In some sub‑samples, particular causes of death appear unusually high or low relative to others. However, these apparent anomalies are not consistent across all sub‑samples.
A cause that might be flagged as unusual in one sub‑sample often appears typical in another. This suggests that what may initially appear to be an anomaly can instead be the result of random sampling variation, rather than a meaningful underlying difference.
Despite variability, several patterns remain consistent across all sub‑samples:
Causes with the highest overall prevalence in the full dataset remain among the most common in each sub‑sample.
The general ordering of the most prevalent causes is relatively stable.
Rare causes do not become dominant in any sub‑sample.
These consistencies suggest that strong signals in the data are robust to sampling variability, while weaker signals are more sensitive to which observations are included
ggplot(sample_cause_summary, aes(
x = total_deaths,
y = reorder(Cause.Name, total_deaths)
)) +
geom_col(fill = "steelblue") +
facet_wrap(~ sample_num, scales = "free_x") +
scale_x_continuous(
labels = label_number(scale = 1e-6, suffix = "M")
) +
labs(
title = "Total Deaths by Cause Across Random Sub‑Samples",
x = "Total Deaths (Millions)",
y = "Cause of Death"
) +
theme_minimal()
As the relative size of the sub‑samples increases (for example, moving from 10% to 25% or larger portions of the dataset), differences between sub‑samples become less pronounced. Larger samples more closely resemble the full dataset, making conclusions more stable and reducing the likelihood of observing misleading anomalies.
Smaller sub‑samples, by contrast, show greater variability and are more susceptible to random fluctuations that can distort interpretation.
sample_sizes <- c(0.10, 0.25, 0.75)
sample_size_comparison <- map_df(sample_sizes, function(frac) {
deaths |>
sample_n(size = frac * nrow(deaths), replace = TRUE) |>
filter(Cause.Name != "All causes") |>
group_by(Cause.Name) |>
summarise(
total_deaths = sum(Deaths),
.groups = "drop"
) |>
mutate(sample_frac = frac)
})
sample_size_comparison
## # A tibble: 30 × 3
## Cause.Name total_deaths sample_frac
## <chr> <int> <dbl>
## 1 Alzheimer's disease 270980 0.1
## 2 CLRD 682840 0.1
## 3 Cancer 2755335 0.1
## 4 Diabetes 137501 0.1
## 5 Heart disease 1920661 0.1
## 6 Influenza and pneumonia 149665 0.1
## 7 Kidney disease 64373 0.1
## 8 Stroke 1171963 0.1
## 9 Suicide 110540 0.1
## 10 Unintentional injuries 570291 0.1
## # ℹ 20 more rows
As sample size increases, variability in total deaths by cause decreases. Smaller samples exaggerate random fluctuations, while larger samples more closely resemble the full dataset. This reinforces the importance of sufficient sample size when drawing conclusions.

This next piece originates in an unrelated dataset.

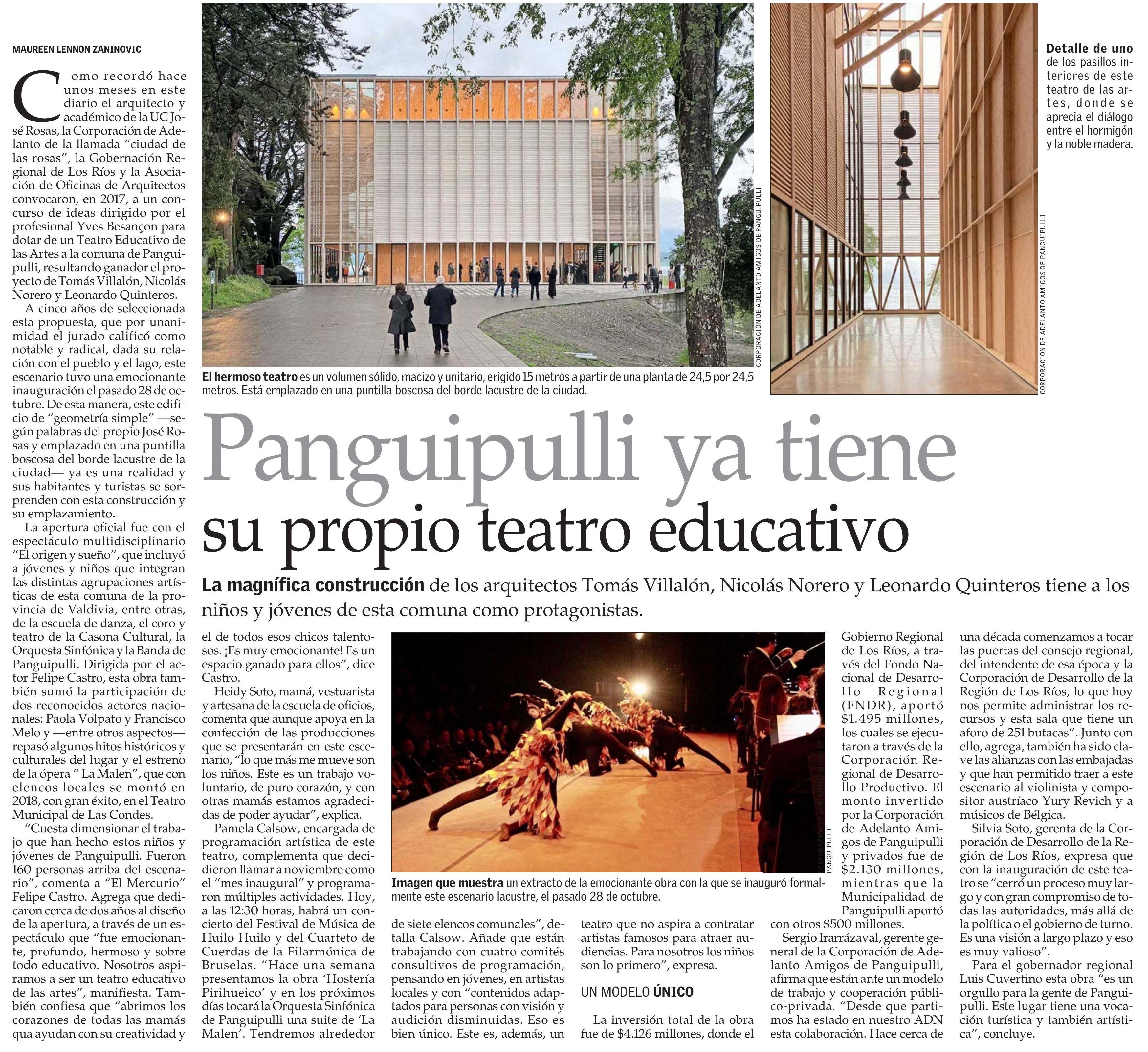 El Mercurio destaca la inauguración del Teatro Educativo de las Artes en Panguipulli, el pasado 28 de octubre. Se cita al académico UC José Rosas, que se refirió a la convocatoria por parte de la Corporación de Adelanto de la ciudad, la Gobernación Regional de Los Ríos y la Asociación de Oficinas de Arquitectos, de un concurso de ideas dirigido por el profesional Yves Besancon.

This investigation demonstrates that conclusions drawn from a single dataset may be sensitive to sampling uncertainty, especially when focusing on smaller groups or subtle differences. Apparent anomalies or strong patterns observed in one sample may not persist when the data is resampled.
As a result, conclusions should be framed cautiously and supported by repeated analyses, larger samples, or population‑adjusted measures such as age‑adjusted death rates.

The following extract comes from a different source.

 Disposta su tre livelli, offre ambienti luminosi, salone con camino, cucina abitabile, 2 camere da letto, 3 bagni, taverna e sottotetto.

This week’s data dive explored how random sampling variability can affect observed patterns, anomalies, and conclusions in data analysis. By simulating repeated data collection through random sub‑sampling, it became clear that not all observed differences reflect meaningful underlying structure.
The findings emphasize the importance of acknowledging uncertainty when interpreting results, particularly when working with observational data. Future analyses should consider robustness checks and repeated sampling to avoid over‑interpreting random variation as meaningful insight.